Cryptocurrency : How the Binance, FTX deal shook the cryptocurrency community before collapsing

Cryptocurrency

In the mostly unregulated world of cryptocurrencies, the past few days have been turbulent, with mudslinging on Twitter, a startling takeover effort for an exchange that later failed, and falling token values.
The largest exchange in the world, Binance Holdings Ltd., planned to purchase struggling rival FTX.com on Tuesday. On Wednesday, Binance pulled out of the agreement, citing FTX’s financial issues as well as potential regulatory inquiries. With its decision to leave, the continuing crypto bear market got much worse, sending Bitcoin to its lowest point in two years.

Although cryptocurrency may appear to be a specialised area of finance, the feud between two of its prominent figures has upended the industry and is likely to have far-reaching effects.

What are FTX and Binance?

They are two of the main cryptocurrency exchanges, which serve as markets for the purchase, sale, and storage of tokens by investors.
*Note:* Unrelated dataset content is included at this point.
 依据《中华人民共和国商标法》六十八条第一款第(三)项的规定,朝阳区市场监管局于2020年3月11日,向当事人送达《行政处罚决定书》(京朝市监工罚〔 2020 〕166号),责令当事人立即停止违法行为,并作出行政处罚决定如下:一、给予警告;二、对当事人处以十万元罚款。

By a significant margin, Binance is the largest cryptocurrency exchange by volume, and FTX is among the top five, according to cryptocurrency data company CoinMarketCap (which is owned by Binance).
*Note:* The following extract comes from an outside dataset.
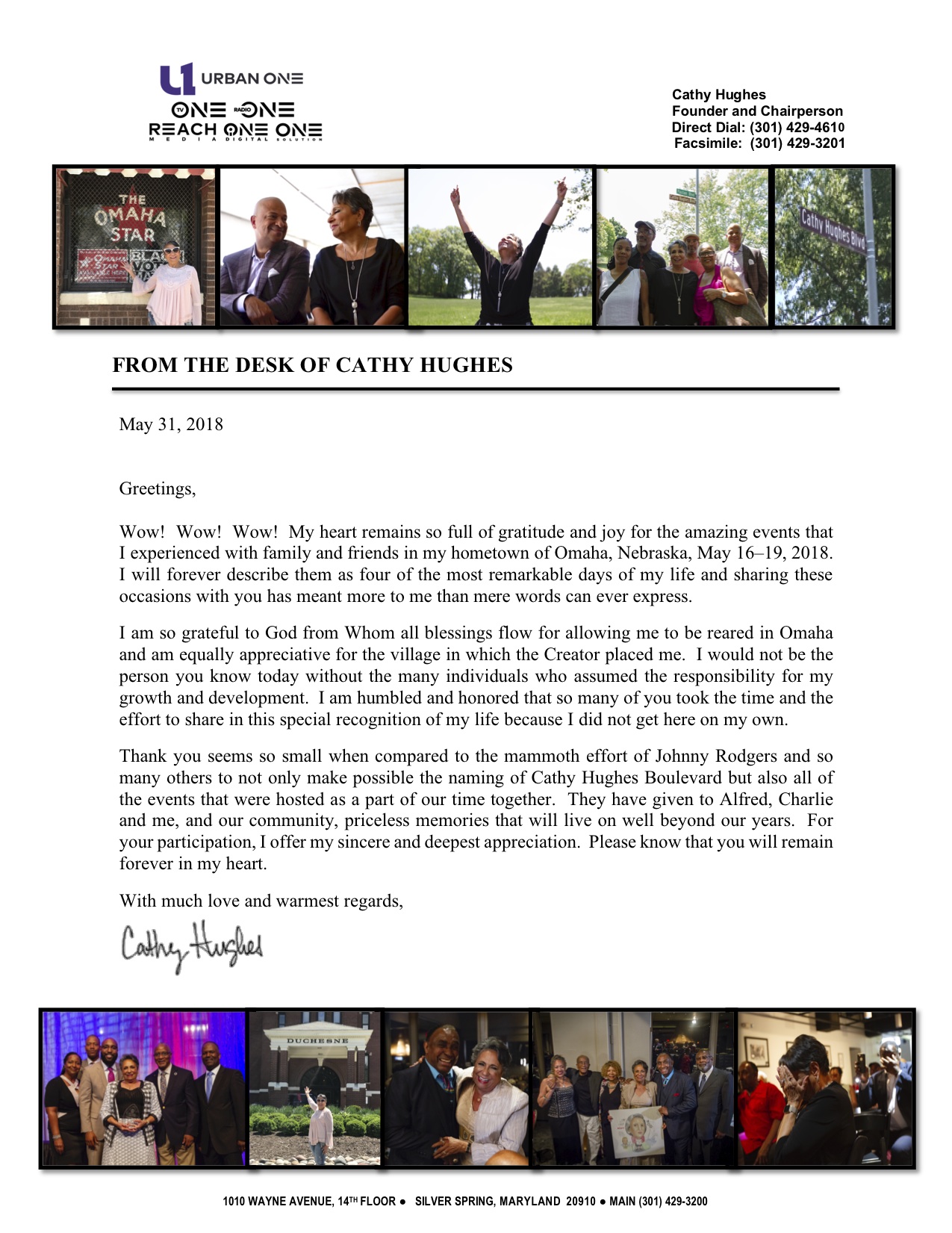 Years before in Omaha, she said Mildred Brown and Charles Washington “understood that information is power.” She learned from them and the folks who ran KOWH that black media isn’t just about a business, it’s about a community service.” That realization has informed everything she’s done with Urban One.

The 30-year-old with curly hair, who was formerly a trader at Jane Street, supported floundering initiatives including BlockFi, Voyager Digital, and Celsius up until a few weeks ago. He included investors including the Ontario Teachers’ Pension Plan, Temasek, and the Softbank Vision Fund.

What caused their breakup?

Binance made an investment in FTX, a derivatives exchange, back in 2019. The next year, Binance introduced its own cryptocurrency derivatives and swiftly rose to the top of the market.

As the two corporations adopted increasingly different strategies with regulators, tensions grew. While Bankman-Fried was testifying before the US Congress, Binance was reportedly under regulatory investigation all around the world.